BEGIN

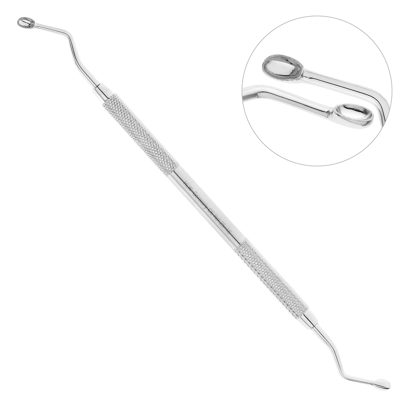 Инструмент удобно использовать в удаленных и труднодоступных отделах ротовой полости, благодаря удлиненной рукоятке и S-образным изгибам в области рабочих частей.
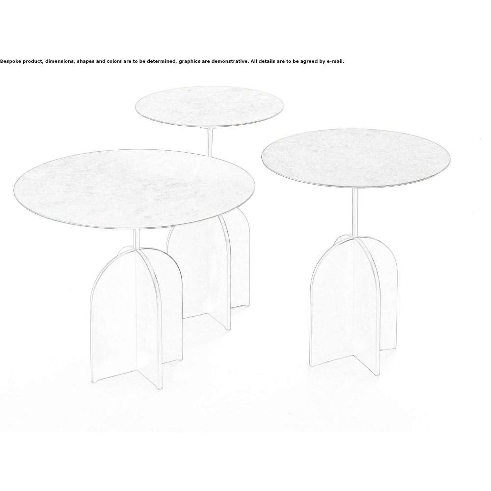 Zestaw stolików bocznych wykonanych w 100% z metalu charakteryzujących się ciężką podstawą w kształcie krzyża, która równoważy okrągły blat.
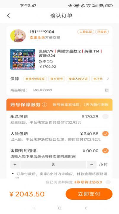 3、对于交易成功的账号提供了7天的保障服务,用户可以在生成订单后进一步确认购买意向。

END

(PROMPT) Please copy the data above exactly; the pictures do not belong in the copy.

(ANSWER TO THIS PROBLEM)
 Инструмент удобно использовать в удаленных и труднодоступных отделах ротовой полости, благодаря удлиненной рукоятке и S-образным изгибам в области рабочих частей.
 Zestaw stolików bocznych wykonanych w 100% z metalu charakteryzujących się ciężką podstawą w kształcie krzyża, która równoważy okrągły blat.
 3、对于交易成功的账号提供了7天的保障服务,用户可以在生成订单后进一步确认购买意向。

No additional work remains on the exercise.